RAW 264.7 , a murine macrophage/monocyte lineage cell line, obtained from ATCC (ATCC no.: TIB-71), was cultured in DMEM containing 0.5% FBS, 100 U/ml penicillin, and 100 μg/ml streptomycin. For stimulation with lipopolysaccharide (LPS), RAW 264.7 cells (1×10⁶ cells/ml) were seeded into 6-well plates in DMEM with exosome-free FBS and stimulated with 10 ng/ml LPS for 6 h. EVs in the supernatant (650 μl/well) were collected using size exclusion chromatography column. EVs were then concentrated by ultracentrifugation (100,000×g, 4°C, 70 min), dissolved in RIPA buffer, and evaluated by blotting.
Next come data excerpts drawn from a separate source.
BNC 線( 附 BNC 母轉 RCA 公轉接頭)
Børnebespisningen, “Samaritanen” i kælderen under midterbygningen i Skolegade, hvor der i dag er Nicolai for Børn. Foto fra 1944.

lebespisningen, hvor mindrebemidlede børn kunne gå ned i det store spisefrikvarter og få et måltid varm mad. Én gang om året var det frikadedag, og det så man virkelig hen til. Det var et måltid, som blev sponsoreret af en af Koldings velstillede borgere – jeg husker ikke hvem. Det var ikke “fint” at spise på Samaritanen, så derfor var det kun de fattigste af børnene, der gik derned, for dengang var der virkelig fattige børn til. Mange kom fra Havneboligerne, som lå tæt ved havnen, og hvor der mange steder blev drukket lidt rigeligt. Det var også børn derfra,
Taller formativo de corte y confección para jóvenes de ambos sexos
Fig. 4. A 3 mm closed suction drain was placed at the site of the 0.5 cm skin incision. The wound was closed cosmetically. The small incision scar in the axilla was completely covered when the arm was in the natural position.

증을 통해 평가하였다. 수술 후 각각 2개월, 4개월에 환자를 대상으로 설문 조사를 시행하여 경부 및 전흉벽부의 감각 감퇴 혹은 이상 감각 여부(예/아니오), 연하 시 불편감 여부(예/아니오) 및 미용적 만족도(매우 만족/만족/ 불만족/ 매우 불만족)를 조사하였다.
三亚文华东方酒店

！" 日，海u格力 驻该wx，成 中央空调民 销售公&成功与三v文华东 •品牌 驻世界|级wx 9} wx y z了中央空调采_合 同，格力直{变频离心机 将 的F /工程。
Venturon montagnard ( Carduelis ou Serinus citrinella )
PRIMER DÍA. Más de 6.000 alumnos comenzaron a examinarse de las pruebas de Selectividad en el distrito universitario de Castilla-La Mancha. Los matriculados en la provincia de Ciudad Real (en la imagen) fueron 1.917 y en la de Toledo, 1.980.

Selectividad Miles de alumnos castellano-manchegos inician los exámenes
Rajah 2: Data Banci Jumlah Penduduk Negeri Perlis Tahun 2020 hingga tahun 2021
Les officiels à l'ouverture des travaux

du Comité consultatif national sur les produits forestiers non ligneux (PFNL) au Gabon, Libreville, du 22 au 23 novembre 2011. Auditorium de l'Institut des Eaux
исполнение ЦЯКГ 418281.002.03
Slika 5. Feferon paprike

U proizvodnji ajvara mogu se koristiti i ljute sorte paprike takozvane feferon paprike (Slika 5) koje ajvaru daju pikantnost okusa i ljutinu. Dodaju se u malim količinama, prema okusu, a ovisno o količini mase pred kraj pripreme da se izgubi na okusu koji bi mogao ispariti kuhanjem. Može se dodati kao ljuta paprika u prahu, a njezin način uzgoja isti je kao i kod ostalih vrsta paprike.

RAW 264.7 cells were fixed and stained with Diff-Quick stain (Sysmex, Kobe, Japan).

Proteomics for discovery of novel biomarkers for sarcoidosis.
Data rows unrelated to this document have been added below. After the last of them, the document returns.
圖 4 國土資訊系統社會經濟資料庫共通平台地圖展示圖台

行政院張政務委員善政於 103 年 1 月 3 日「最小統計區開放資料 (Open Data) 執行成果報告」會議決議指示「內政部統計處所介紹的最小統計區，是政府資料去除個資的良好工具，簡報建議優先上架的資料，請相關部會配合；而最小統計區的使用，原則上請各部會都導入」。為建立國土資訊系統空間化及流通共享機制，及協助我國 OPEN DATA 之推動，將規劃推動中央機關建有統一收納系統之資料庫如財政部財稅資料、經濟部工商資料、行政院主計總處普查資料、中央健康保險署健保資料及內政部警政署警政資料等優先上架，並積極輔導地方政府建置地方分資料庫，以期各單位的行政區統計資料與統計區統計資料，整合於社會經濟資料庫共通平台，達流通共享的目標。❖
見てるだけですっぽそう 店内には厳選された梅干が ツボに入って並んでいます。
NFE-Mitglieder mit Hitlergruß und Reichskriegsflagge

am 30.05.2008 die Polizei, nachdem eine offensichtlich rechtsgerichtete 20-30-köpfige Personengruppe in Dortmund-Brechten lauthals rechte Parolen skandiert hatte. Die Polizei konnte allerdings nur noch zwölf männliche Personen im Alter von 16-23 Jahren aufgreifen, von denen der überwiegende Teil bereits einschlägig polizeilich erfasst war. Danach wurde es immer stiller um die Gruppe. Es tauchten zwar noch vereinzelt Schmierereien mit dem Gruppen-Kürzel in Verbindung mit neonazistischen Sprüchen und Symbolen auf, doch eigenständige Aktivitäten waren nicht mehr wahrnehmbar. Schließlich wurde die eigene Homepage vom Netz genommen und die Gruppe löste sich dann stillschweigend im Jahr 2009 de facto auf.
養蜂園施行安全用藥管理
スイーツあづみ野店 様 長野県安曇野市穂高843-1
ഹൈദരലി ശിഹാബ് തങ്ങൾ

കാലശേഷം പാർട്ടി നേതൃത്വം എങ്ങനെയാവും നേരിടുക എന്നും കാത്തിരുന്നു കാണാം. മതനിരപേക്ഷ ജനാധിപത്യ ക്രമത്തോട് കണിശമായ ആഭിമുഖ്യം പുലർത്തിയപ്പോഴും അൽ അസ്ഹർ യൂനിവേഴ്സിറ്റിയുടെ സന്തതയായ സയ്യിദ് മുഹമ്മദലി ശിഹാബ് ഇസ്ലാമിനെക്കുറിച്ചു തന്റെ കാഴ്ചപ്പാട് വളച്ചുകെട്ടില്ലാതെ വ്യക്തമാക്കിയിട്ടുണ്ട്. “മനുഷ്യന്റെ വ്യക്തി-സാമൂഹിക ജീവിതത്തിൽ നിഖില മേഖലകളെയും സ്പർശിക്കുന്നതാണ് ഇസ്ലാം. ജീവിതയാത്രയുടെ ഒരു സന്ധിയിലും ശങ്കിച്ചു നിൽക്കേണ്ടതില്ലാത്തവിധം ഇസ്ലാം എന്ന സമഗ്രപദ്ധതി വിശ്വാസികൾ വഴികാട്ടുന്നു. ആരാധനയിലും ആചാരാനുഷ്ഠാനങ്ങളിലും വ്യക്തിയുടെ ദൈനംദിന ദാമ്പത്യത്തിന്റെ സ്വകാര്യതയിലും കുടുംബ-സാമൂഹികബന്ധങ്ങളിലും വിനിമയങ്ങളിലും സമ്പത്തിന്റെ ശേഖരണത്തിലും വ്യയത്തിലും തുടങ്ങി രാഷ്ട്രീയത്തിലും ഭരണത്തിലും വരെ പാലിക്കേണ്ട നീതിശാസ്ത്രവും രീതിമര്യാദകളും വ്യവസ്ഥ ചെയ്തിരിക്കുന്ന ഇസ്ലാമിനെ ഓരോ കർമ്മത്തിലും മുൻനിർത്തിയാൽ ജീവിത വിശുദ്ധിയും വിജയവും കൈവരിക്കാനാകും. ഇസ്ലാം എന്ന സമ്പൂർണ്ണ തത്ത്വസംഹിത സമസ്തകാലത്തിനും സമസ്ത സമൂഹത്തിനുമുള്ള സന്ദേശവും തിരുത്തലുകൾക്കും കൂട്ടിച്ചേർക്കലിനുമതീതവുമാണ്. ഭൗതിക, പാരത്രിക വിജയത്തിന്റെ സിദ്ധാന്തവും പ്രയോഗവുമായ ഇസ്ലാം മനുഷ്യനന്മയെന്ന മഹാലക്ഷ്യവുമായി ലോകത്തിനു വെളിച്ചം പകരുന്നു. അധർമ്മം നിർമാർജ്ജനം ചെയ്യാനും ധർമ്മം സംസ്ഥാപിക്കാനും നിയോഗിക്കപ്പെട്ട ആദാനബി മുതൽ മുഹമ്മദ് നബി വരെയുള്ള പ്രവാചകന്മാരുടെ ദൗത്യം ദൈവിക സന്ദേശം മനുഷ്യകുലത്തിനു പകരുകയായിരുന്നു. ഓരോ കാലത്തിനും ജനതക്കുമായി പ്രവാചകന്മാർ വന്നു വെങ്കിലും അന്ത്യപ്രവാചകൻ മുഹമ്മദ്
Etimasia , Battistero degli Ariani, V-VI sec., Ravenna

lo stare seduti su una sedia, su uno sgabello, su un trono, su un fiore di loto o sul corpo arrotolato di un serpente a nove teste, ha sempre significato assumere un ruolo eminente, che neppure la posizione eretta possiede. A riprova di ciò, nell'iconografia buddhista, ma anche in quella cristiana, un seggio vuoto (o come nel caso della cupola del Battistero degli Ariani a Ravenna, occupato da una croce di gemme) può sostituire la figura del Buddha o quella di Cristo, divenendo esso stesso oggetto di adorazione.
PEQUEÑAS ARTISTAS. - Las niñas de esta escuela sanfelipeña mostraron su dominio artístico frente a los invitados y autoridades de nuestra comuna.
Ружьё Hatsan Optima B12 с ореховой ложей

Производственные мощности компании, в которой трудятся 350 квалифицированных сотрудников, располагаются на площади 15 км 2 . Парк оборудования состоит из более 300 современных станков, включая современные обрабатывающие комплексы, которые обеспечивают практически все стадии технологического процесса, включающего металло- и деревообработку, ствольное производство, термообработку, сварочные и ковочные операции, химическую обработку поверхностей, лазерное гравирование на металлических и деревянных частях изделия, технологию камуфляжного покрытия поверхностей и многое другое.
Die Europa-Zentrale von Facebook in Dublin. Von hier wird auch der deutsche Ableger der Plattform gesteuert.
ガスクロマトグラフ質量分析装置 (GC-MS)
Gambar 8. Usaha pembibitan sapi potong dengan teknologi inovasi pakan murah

To discover a novel biomarker for sarcoidosis, we performed quantitative high-throughput proteomics using LC-MS/MS, followed by SRM verification (Fig. 1A). EVs were isolated by SEC from serum samples of control subjects and patients with sarcoidosis (Table S1).¹⁶ The isolation of EVs was confirmed according to the MISEV2018 guidelines.¹⁷ EVs from both groups expressed the EV marker protein CD9 and were similar in shape and size, less than 100 nm (Fig. 1B). EVs were positive for flotillin-1, CD63, and CD9 and negative for calnexin and haptoglobin (Fig. 1C). In the nanoparticle tracking analysis, serum EVs from both groups were indistinguishable in size and number (Fig. 1D, E and F).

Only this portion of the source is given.